I get out a Malediction to calm my nerves only to find that I used my last match back in the tunnel. I could use some hoodoo to burn something, but there’s nothing in the circle I can burn except me. I shouldn’t have thrown the donut box away. I could have used that. I can still go get it. I mean, I can see it from where I’m sitting, but I’m new to this saint-meditating-in-the-desert bit and I’m afraid that if I leave the circle it will reset whatever magic clock determines how long I have to wait and I’ll have to start all over again.

In an act of desperation, I put a Malediction on the ground and whisper some hoodoo to see if I can light it.

It explodes like a firecracker.

Yeah. I need to work on those little spells. God knows I have time for it now.

I try shouting at the mountain to see if I get an echo back, but what little voice I had lef

t I used up talking to Alice.

I might have lost everything else, but at least I got to see her again. That’s pretty good. One check mark in the Not Entirely Dismal column. I’m going to have to come up with a lot more of those to even out that column with the Are You Fucking Kidding Me one.
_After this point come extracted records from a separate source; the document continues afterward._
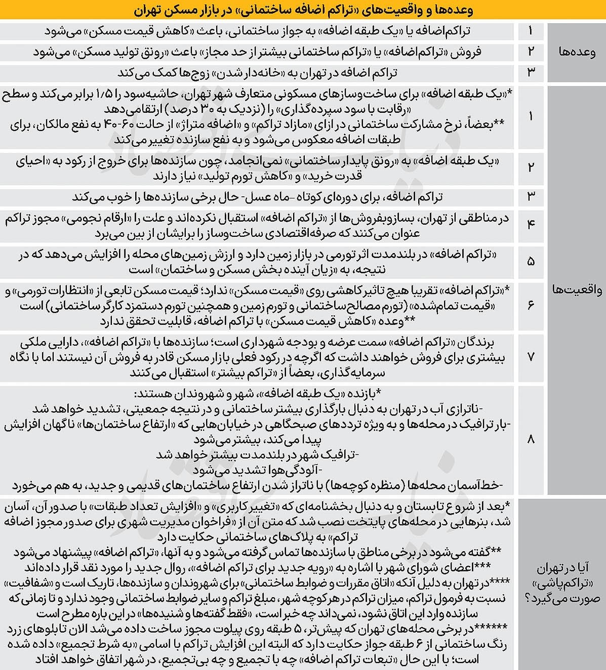 وی ادامه داد: خیابانی در همین منطقه وجود دارد که تا پیش از این، در آن واحد 6 طبقه ساخته نشده بود، اما امروز به راحتی مجوز ساخت 6 طبقه و حتی 7 طبقه به شرط تجمیع داده میشود. سازنده دیگری در منطقه شهران تهران تاکید کرد: اگر در گذشته با تجمیع 3 پلاک مساحت زمینی به 750 متر میرسید، امکان دریافت مجوز ساخت 7 طبقه در این منطقه داده میشد، اما در شرایط کنونی مدیریت شهری سختگیری در خصوص تامین 750 متر زمین برای اعطای این تراکم ندارد و راحت این تراکم اعطا میشود. مدیریت شهری «اعطای تراکم مازاد» در پایتخت را به اشکال مختلفی پیگیری میکند، این موضوع با مخالفت کارشناسان متعددی روبهرو شده و سیلی از انتقادات را به مدیریت شهری وارد کرده است؛ اگرچه مدیران شهری این موضوع را رد میکنند، اما دادههای متعددی این موضوع را تایید میکند. نمونهای از این دادهها، نصب بنری در یکی از مناطق بود که در روزهای گذشته خبرساز شده بود. اگرچه مدیریت شهری چنین موضوعی را رد کردهاند، اما تاکید دارند که مدیریت شهری به دنبال رونق ساختوساز در تهران در چارچوب قوانین حاکم بر حوزه شهرسازی با هدف کاهش قیمت مسکن است.
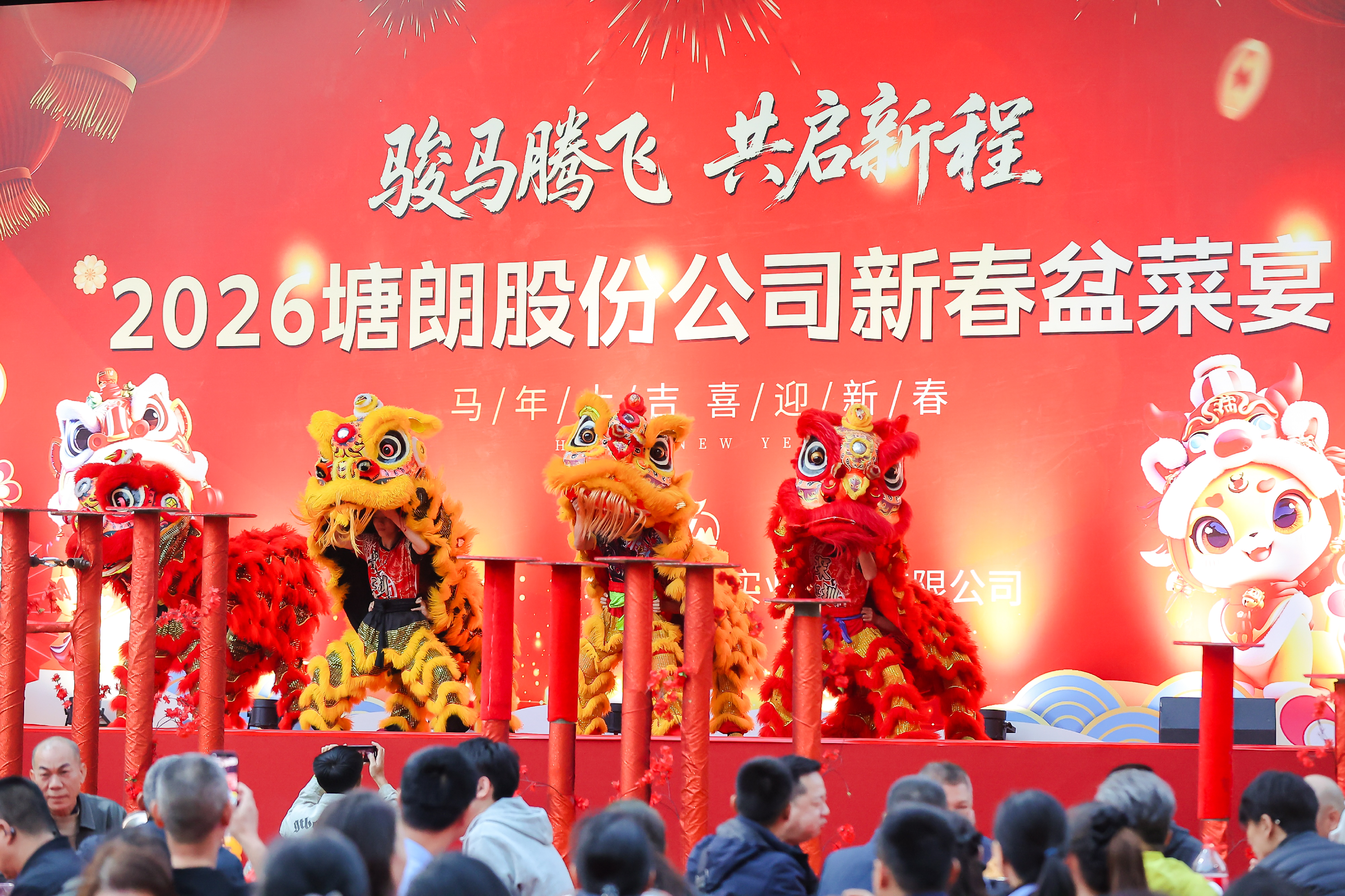 活动在精彩的梅花桩舞狮表演中拉开序幕,矫健灵动的醒狮腾跃辗转,赢得现场满堂喝彩。随后,一盆盆热气腾腾的盆菜陆续上桌,鲜虾、鲍鱼、瑶柱等食材层层铺陈,香气扑鼻,饱含“团圆美满、盆满钵满”的美好寓意。
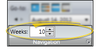 • From the Navigation section of the Scheduler ribbon bar, enter a number in the Weeks field to jump ahead that far into your schedule.
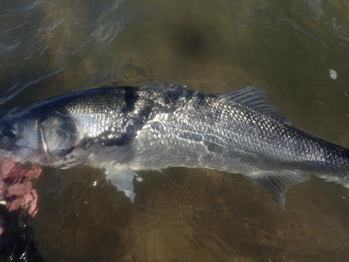 The second,third and fourth fish either smashed the lure or rolled it , but no solid hook up. But the fifth fish was my chance to redeem the one that got away. As I was finishing the retrieve on a asture 110 I had a good fish hit and hit it hard, no messing about, this fish was on and the fight was on .All I needed was the hooks to hold. Splashes of the tail and runs back and forth the battle was all close in, my main concern was making sure the leader didn’t rub on its gill plate.At last she was in the net, a beautifull 71 cm fish and a sense of relief for finally catching one ! Bass 4 Joel 1 !!..
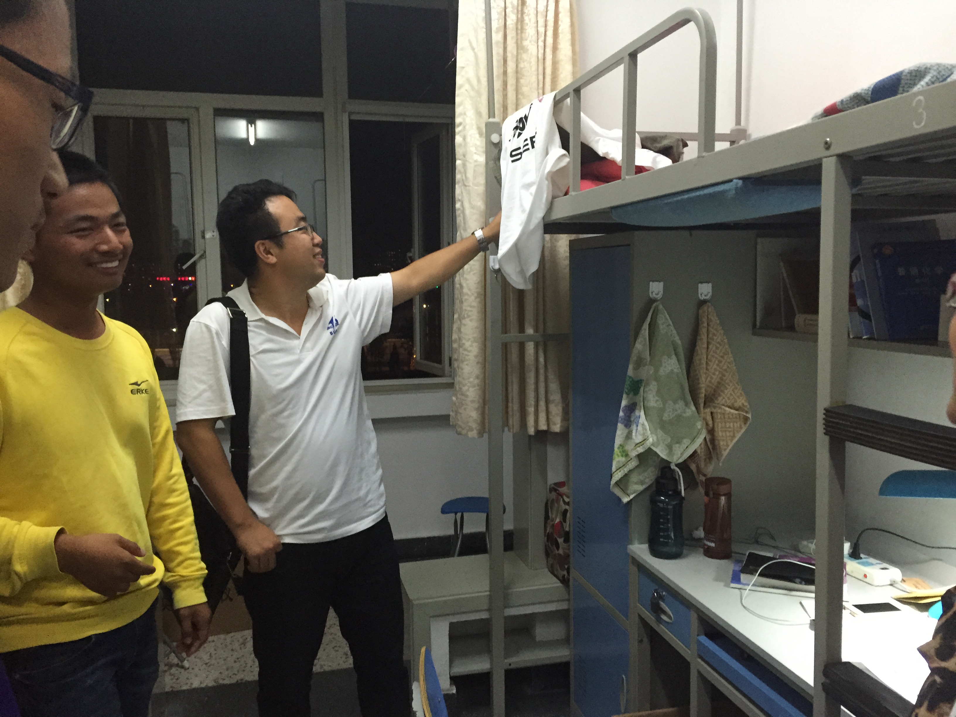 9月26日晚,公司党委副书记李建伟老师、分团委书记方志老师代表英国威廉希尔英文官网丁水汀经理、王强书记到沙河校区走访宿舍看望2015级新生,并发放中秋慰问品。
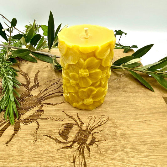 Apple Blossom Floral Pillar Candle- Pure British Beeswax
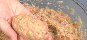 - Ավելացնել ձուն, աղն ու սև պղպեղը, ճզմել սխտորը, և ամբողջը լավ խառնել: (զանգվածը պետք է ստացվի ավելի ջրալի, քան այլ կոտլետների համար նախատեսված աղացած զանգվածը, բայց եթե չափից շատ ջրալի է, ապա կարելի է մի քանի կտոր չոր հաց անցկացնել քերիչով և ավելացնել խառնուրդին)
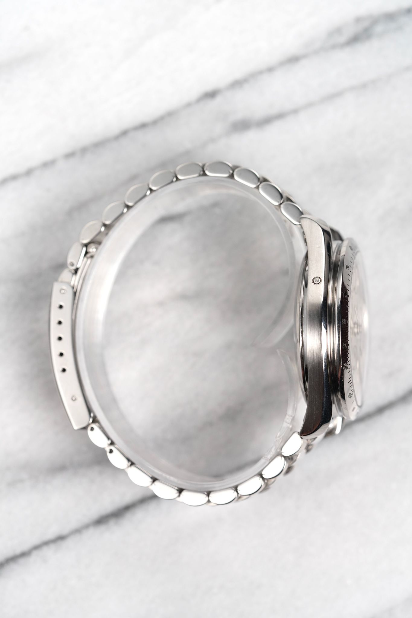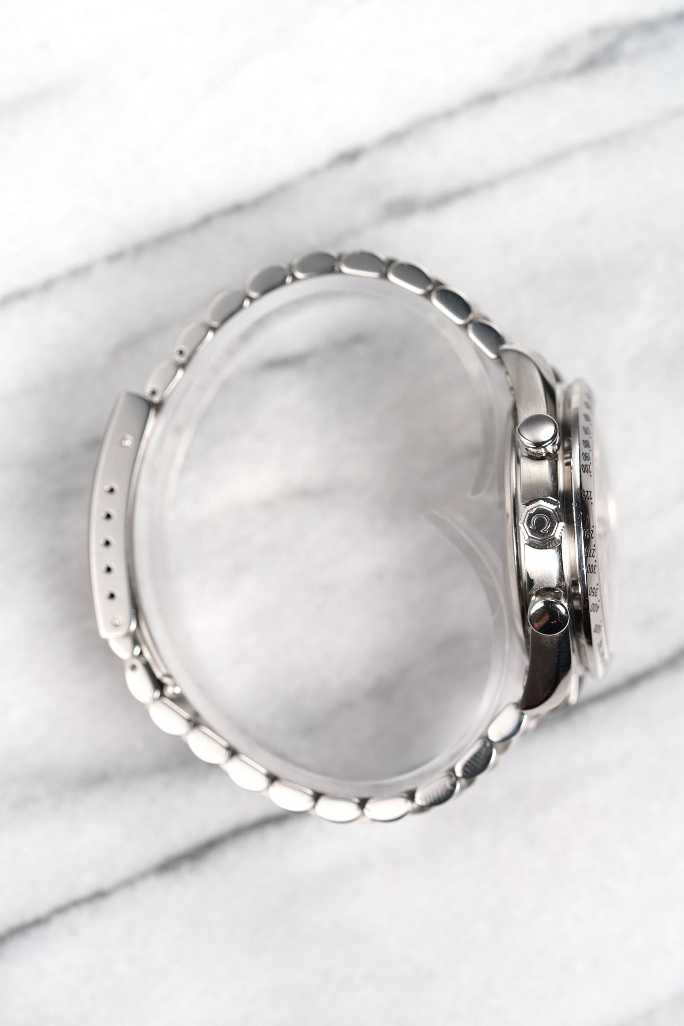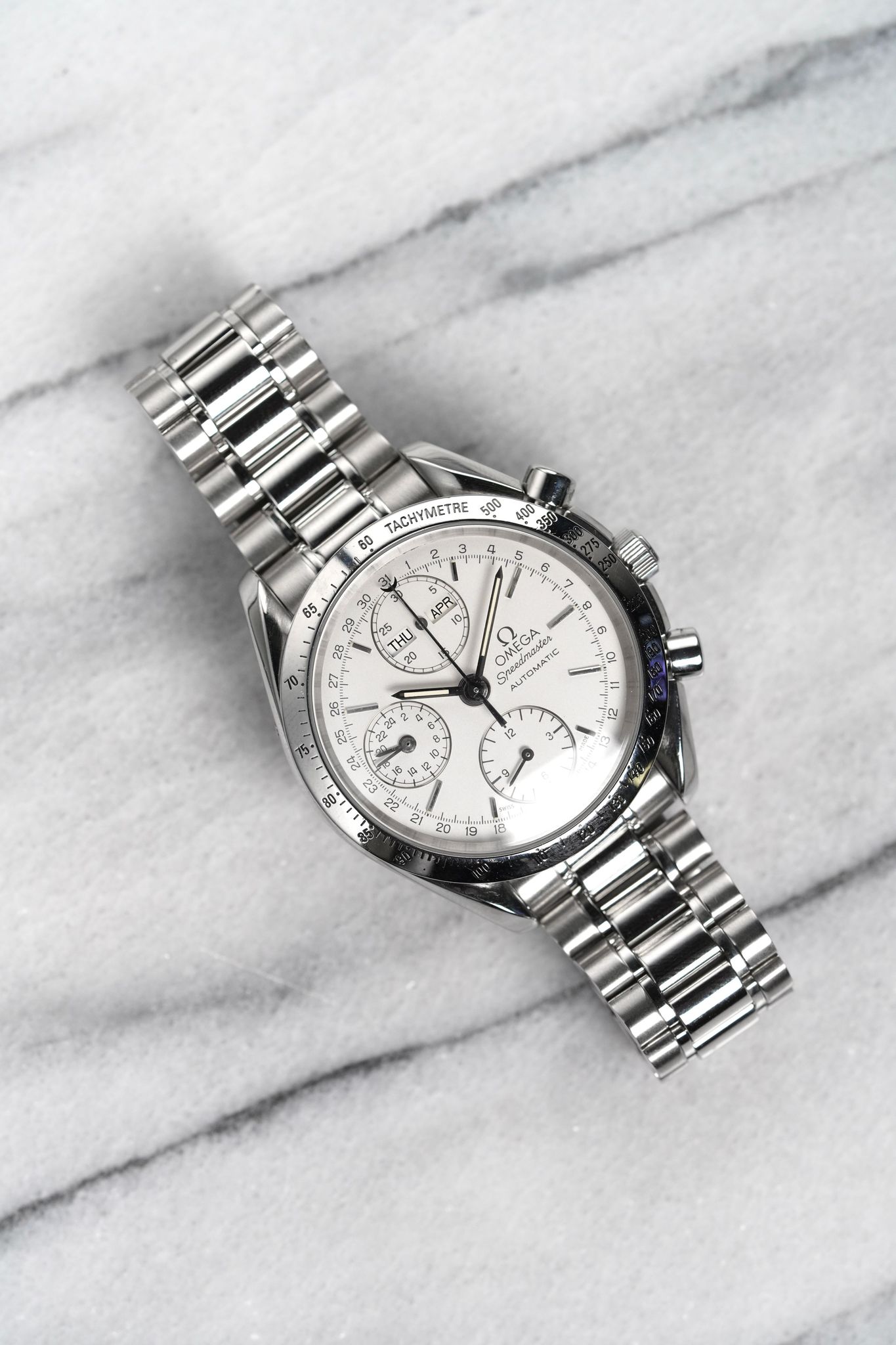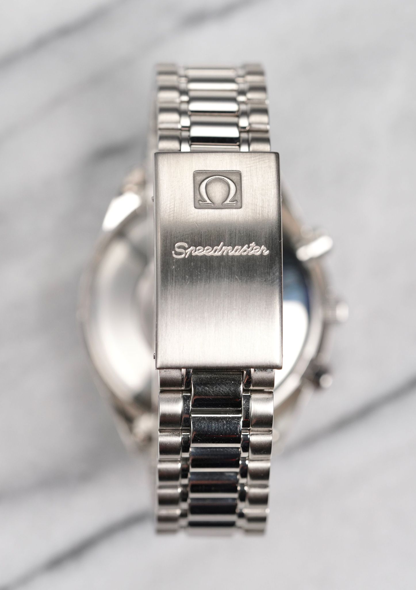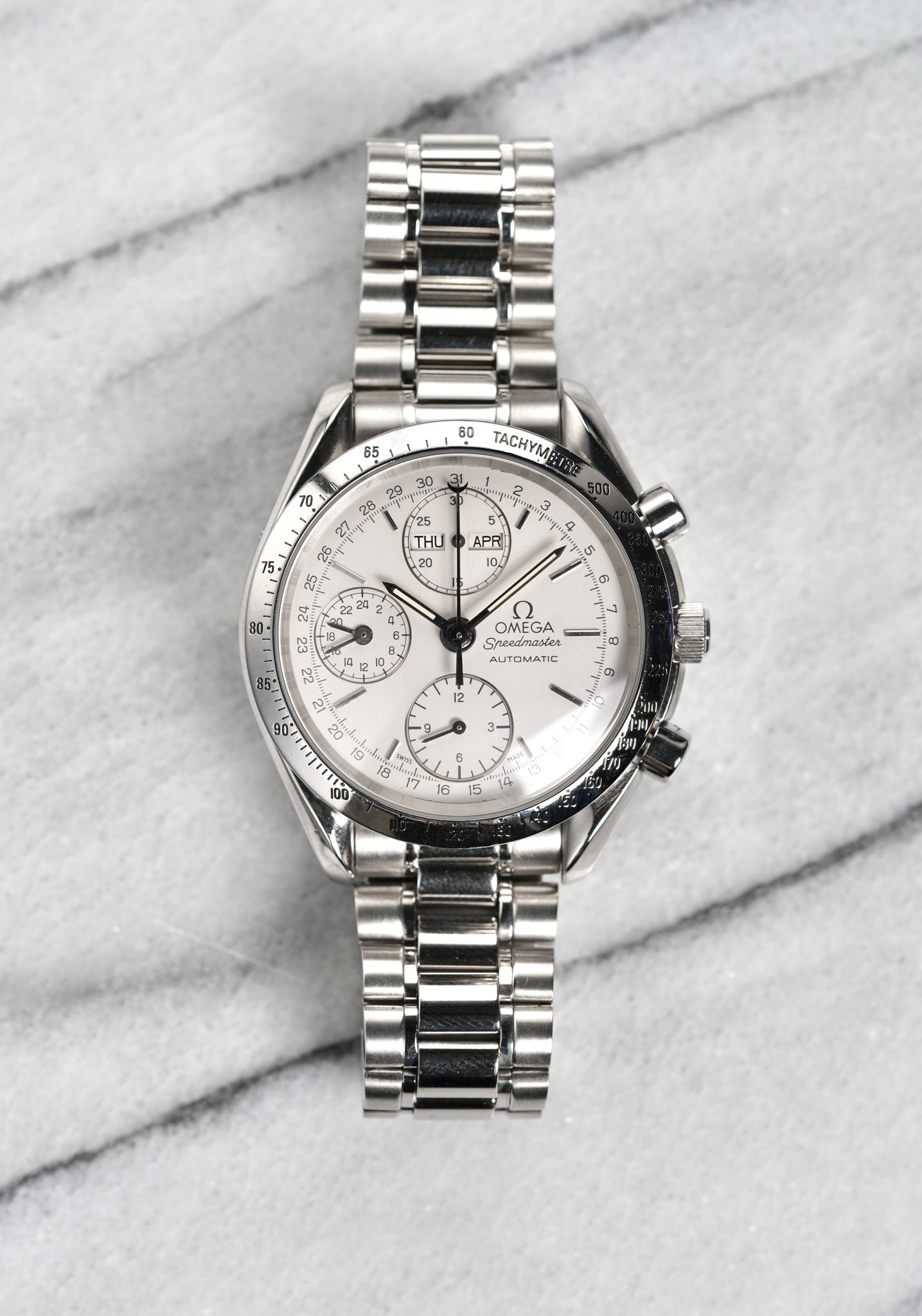 Here's an Omega Speedmaster reference #3521.30 triple date chronograph with a white dial from the late 90s, early 2000s. Keeps great time and is fully functional. Measurements include a 39mm case size and 18mm lug width. On its original Omega stamped bracelet that fits up to a 7.25 inch wrist. Features include the time, chronograph function, day, date, and month. Steel case and caseback. The lume in both the hands and lume plots near the hour markers developed a yellow patina. Both the dial and crystal are free of any scratches or marks. All parts are original including the signed Omega crown, caseback, dial, and movement. Both the dial and case are in great cosmetic, untouched condition.

Now how long has it been? Another five minutes? Ten? I shouldn’t have had all that sugar.

After all the time I spent in Hell, I should probably have looked up my parents. I know my father is here. He tried to kill me and Upstairs they’re not big on trying to kill your son. That said, I’m not even sure my mom is down here. Her only sin was being sad and lonely. Okay, she fucked an archangel and gave birth to me. And I’m guessing giving birth to an Abomination might not get you in good with the Heavenly membership committee. Right. Second thing to do when I get back. Look up Mom. She hated being alone, so she’s probably with the refugees at Heaven’s gates. I think about my father some more. Consider letting bygones be bygones and all that crap they tell you in magazines. Hell, I’m knee-deep in angels ready to murder the universe over daddy issues. Maybe it’s time to let mine go.

Still, it might be fun to sneak up behind him and yell “Bang!” just once.

Is Death here yet?

I take a long drink of Aqua Regia. It burns my throat, but not as much as before. Still, it makes me dizzy. Or am I dizzy because I cut myself? I think I lost a lot more blood than I meant to. Oh, man. If I die here and someone finds me, my headstone is going to read here lies sandman slim, he died of donuts and self-pity.